Senate Minority Leader Chuck Schumer (D-N.Y.) asked the National Transportation Safety Board on Monday to make limousine safety reforms one of its top priorities next year. Credit: Newsday / Shelby Knowles

The National Transportation Safety Board must prioritize limousine safety reforms, including mandating seat belts for all passengers, requiring manufacturers to install side-impact air bags and subjecting vehicles to annual federal inspections, Senate Minority Leader Chuck Schumer said Monday.

The New York Democrat, standing with the parents of four young women killed or injured in a 2015 stretch limo crash in Cutchogue, urged the NTSB to add limousine safety improvements to its 2019-2020 "Most Wanted" list.

The list — which serves as the board's road map for closing safety gaps to prevent transportation accidents — makes only passing mention of limousines in its 25-page report, pushing passengers to use properly adjusted head restraints and "strongly encouraging" the use seat belts if they are available. Congress utilizes the list to draft legislation, Schumer said.

"Limos fall within trucks and cars," Schumer said at a news conference at New Hyde Park High School, where seniors were to celebrate their prom Monday evening. "They are in no man's land. The death valley of regulations."

Schumer said if the Safety Board does not propose serious industry reforms in the next six months, Congress would draft legislation on its own.

“We share the senator’s concern over the tragic limousine crash in Schoharie, and we are continuing our investigation," said NTSB spokesman Christopher O’Neil. "We will make appropriate recommendations to improve highway safety on the basis of our investigative findings.”

The NTSB's Most Wanted List calls for implementing positive train control that automatically stops trains before accidents, reducing fatigue-related  accidents, ensuring the safe shipment of hazardous materials and reducing speed-related road crashes.

Critics of the stretch-limo industry argue the supersized vehicles, which can carry 15 to 20 passengers, operate in a regulatory black hole, with few requirements dictating the use of seat belts in the rear compartment or the installation of reinforced anti-intrusion bars inside a vehicle’s doors and side panels.

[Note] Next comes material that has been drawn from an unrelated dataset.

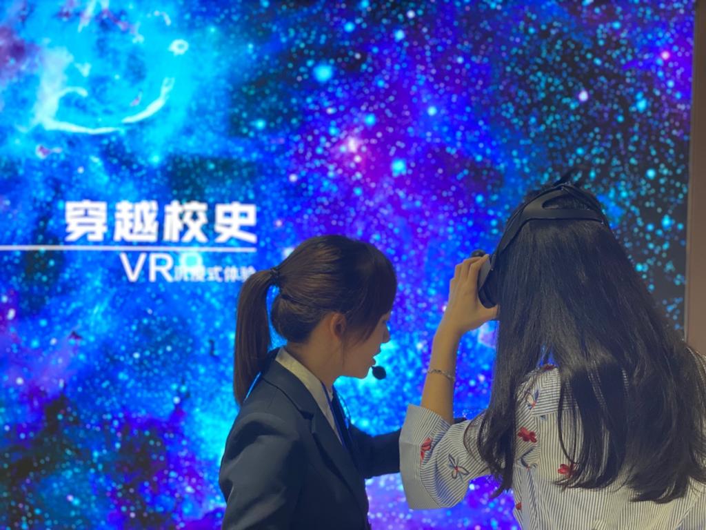 (图片为我院同学体验VR沉浸式穿越校史设备)

The industry has faced increased scrutiny since July 2015 when a stretch limo, heading east on Route 48 in Cutchogue during a winery tour, made a U-turn and was struck broadside by a pickup truck. Lauren Baruch, 24, of Smithtown; Amy Grabina, 23, of Commack; Brittney Schulman, 23, of Smithtown; and Stephanie Belli, 23, of Kings Park were killed, and four others were injured. 

A Suffolk grand jury investigating the crash found “the deaths were entirely preventable, caused by driver failure, improper limousine construction and inadequate regulatory oversight.” Criminally negligent homicide charges against the limo driver were dismissed after a judge found the grand jury was improperly instructed on the law. 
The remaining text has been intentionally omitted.